Rebecca Bird

— Dec 21, 2025 by YIART

"Exploring the still life has felt generative and surprising.  I moved through a variety of approaches to the image, some are painted with a camera obscura, with an intervening photograph, from life or some combination of techniques.  They all have different historical references in the handling of the paint, which seems like an effort to move toward freedom.  By accident it also happened that the work spanned a particular passage in my life, there has been a reckoning with mortality underway, it was a strange summer."

—— Rebecca Bird

Rebecca Bird’s quietly unsettling works use the vocabulary of traditional painting to situate the current moment in a historical timeline.  She paints intimate domestic scenes as microcosms to examine subjectivity and relationships between self, humanity and nature.  For Bird, the studio is a lens that condenses a wide range of research and experience into a single focal point.

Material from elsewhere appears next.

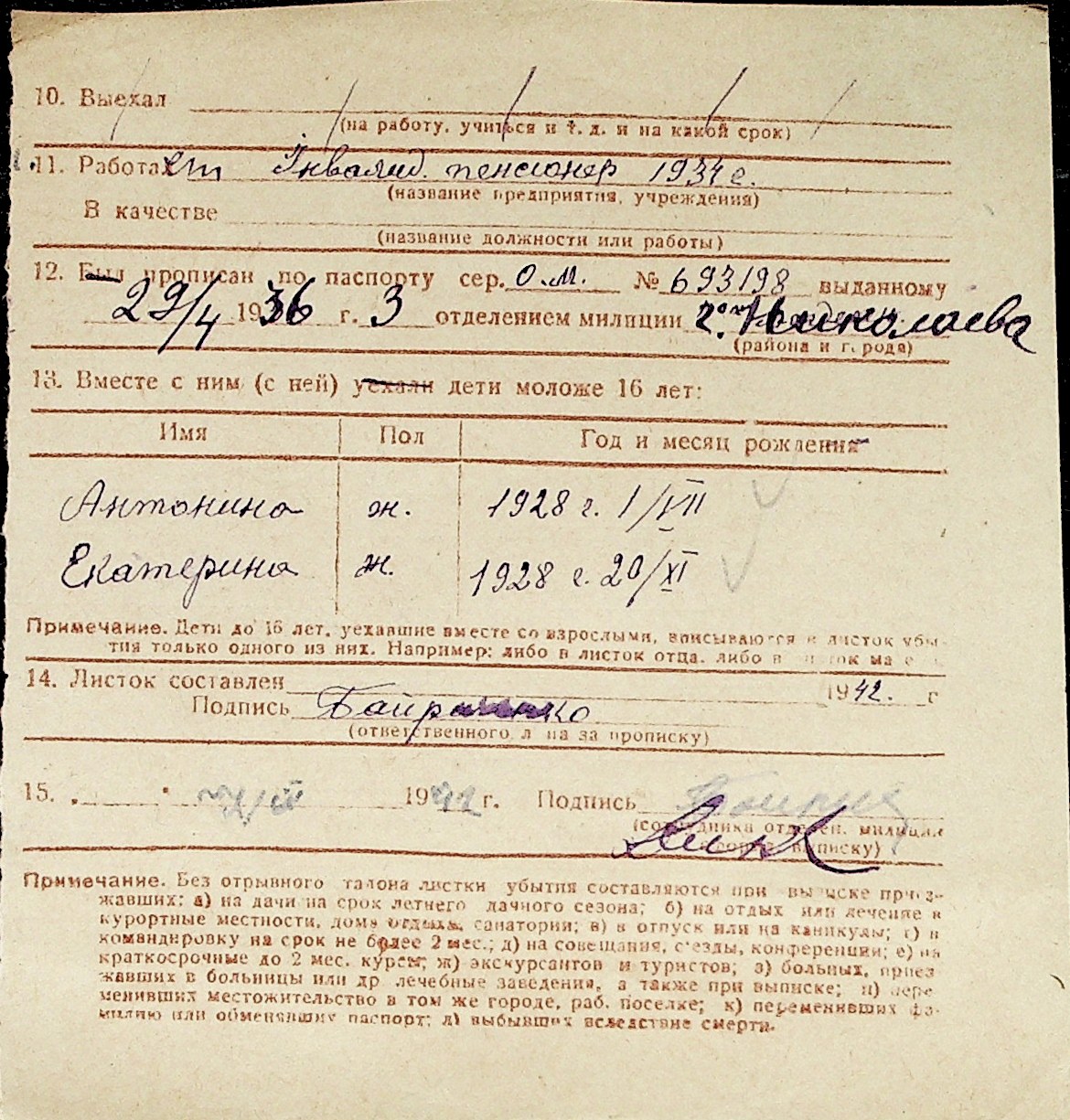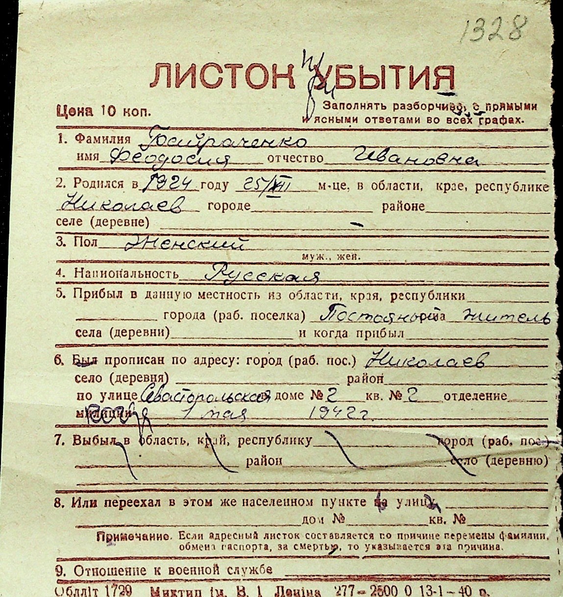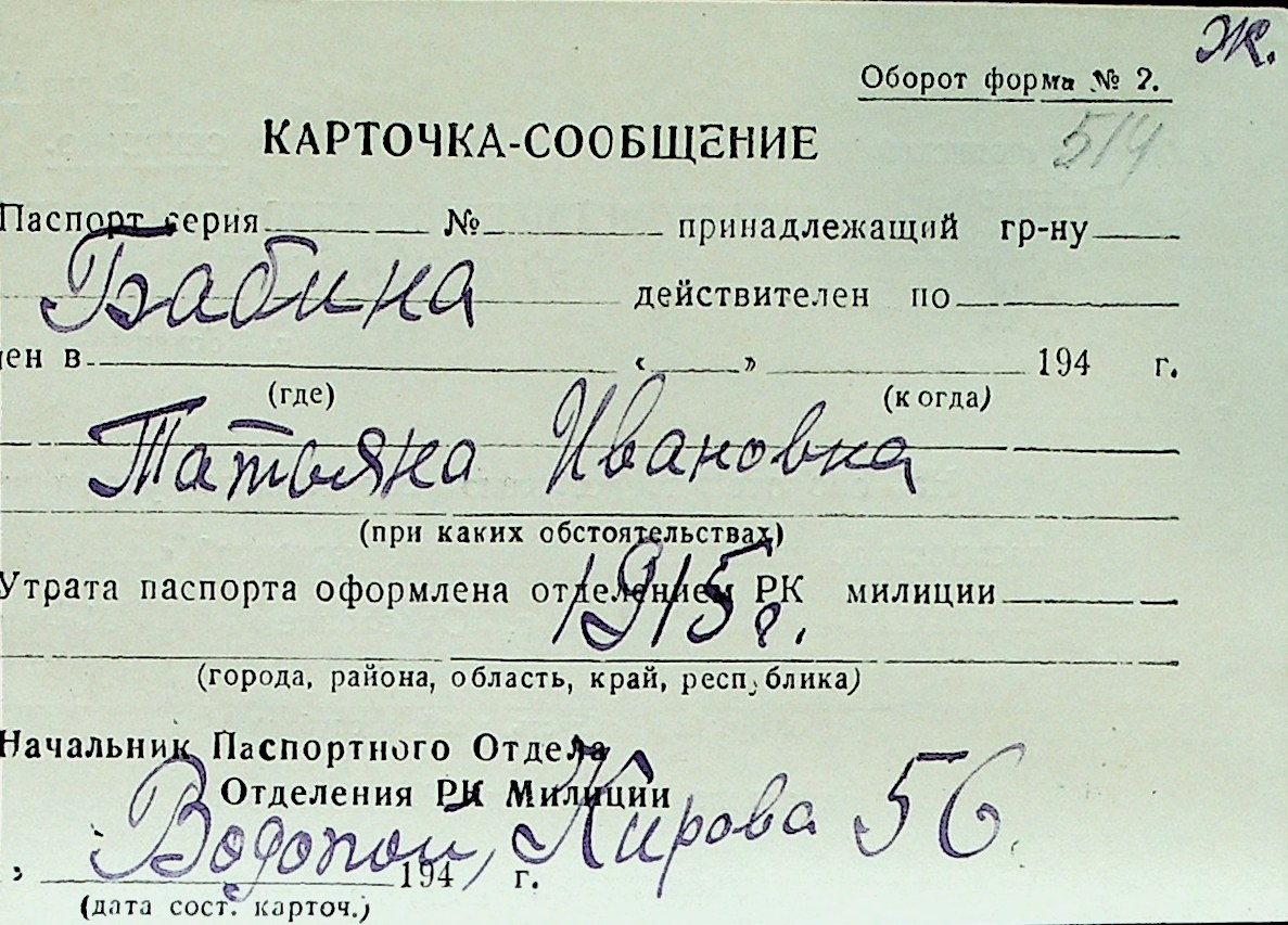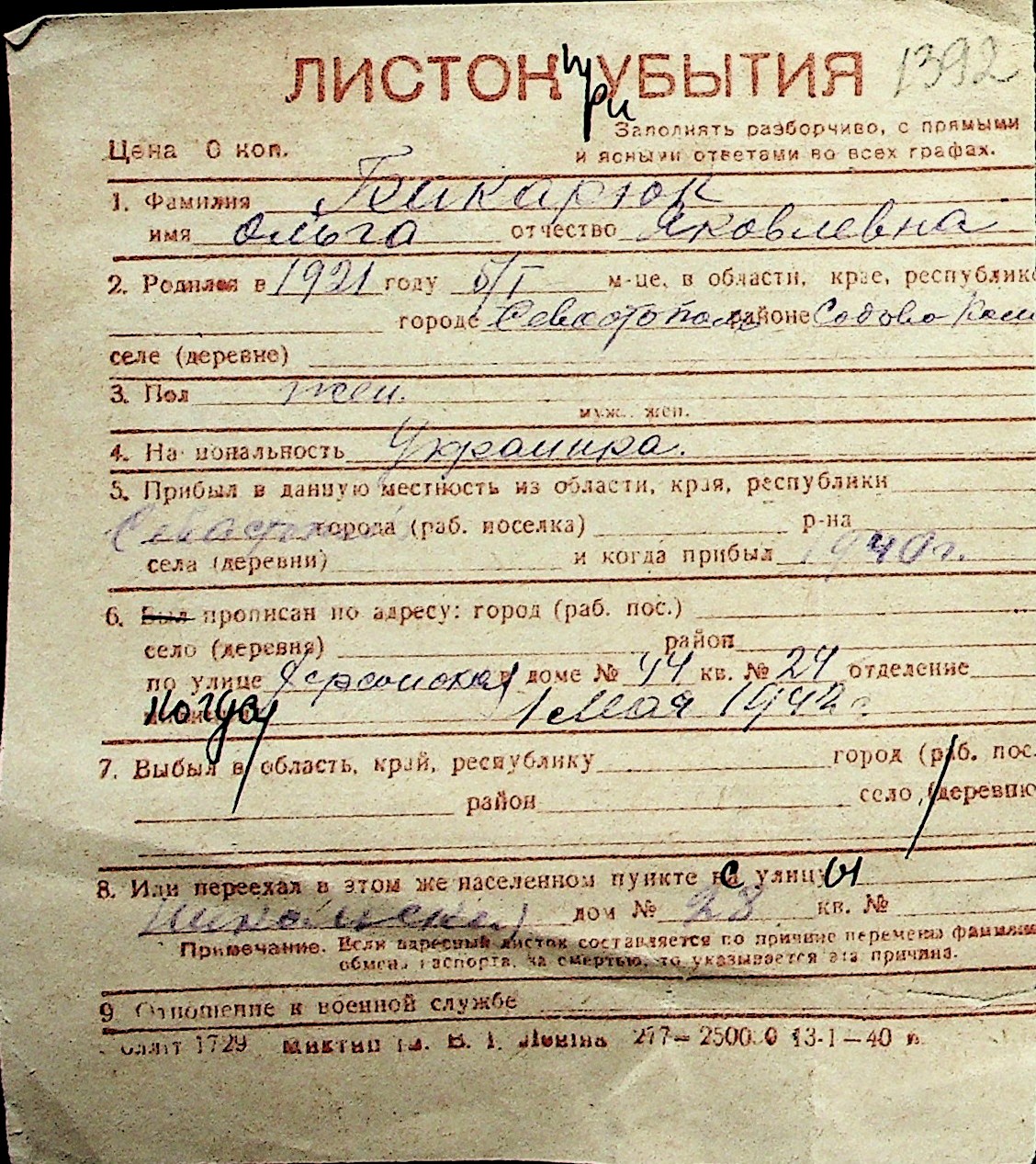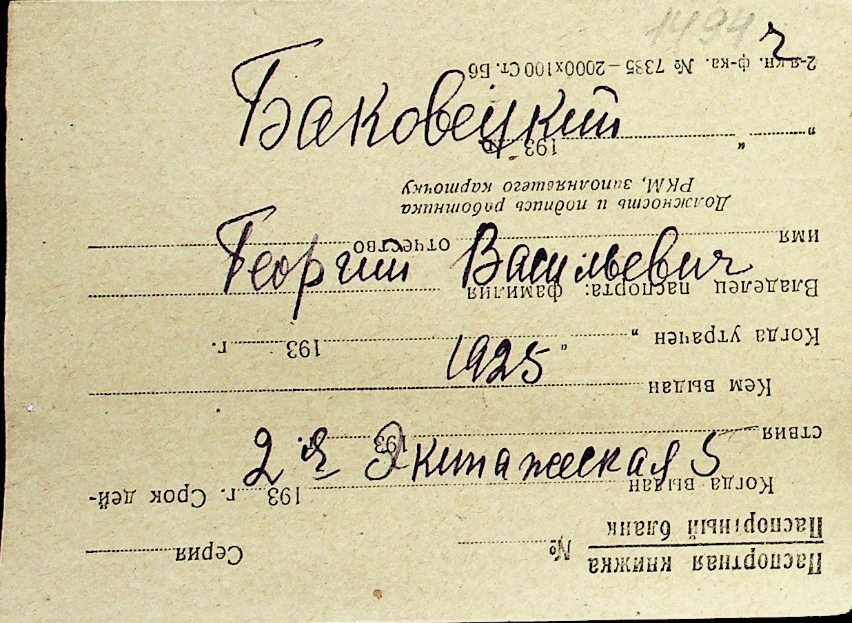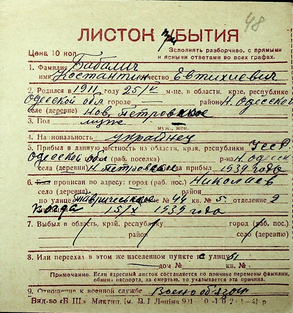 ◦ ◦ Перелік карток на осіб, які мешкали у м. Миколаїв у період окупації 1941–1944 років

Her major public works include “Intent & Assembly” a monumental site-specific painting celebrating immunotherapy research for the lobby of Seattle Children’s Research Institute and “Cycle” a hand painted video project about water, permanently installed at Seattle Tacoma International Airport, scheduled to open in Spring of 2026.

Bird’s works are held in private and public collections including the Museum of Modern Art in New York.  She is the recipient of numerous awards including a 2023 Gottlieb Individual Support Grant.  Her work has appeared in the Paris Review, Harper’s Magazine, Artforum.com and the New York Times.  

Rebecca Bird received her BFA from the Cooper Union in having attended the Yale Summer School.  She was a Fulbright Fellow to Japan researching Nihonga (traditional Japanese painting).  She has worked as an archeological illustrator for the Metropolitan Museum on site in Dashur, Egypt.  Originally from Seattle, Bird lives and works in Brooklyn, New York.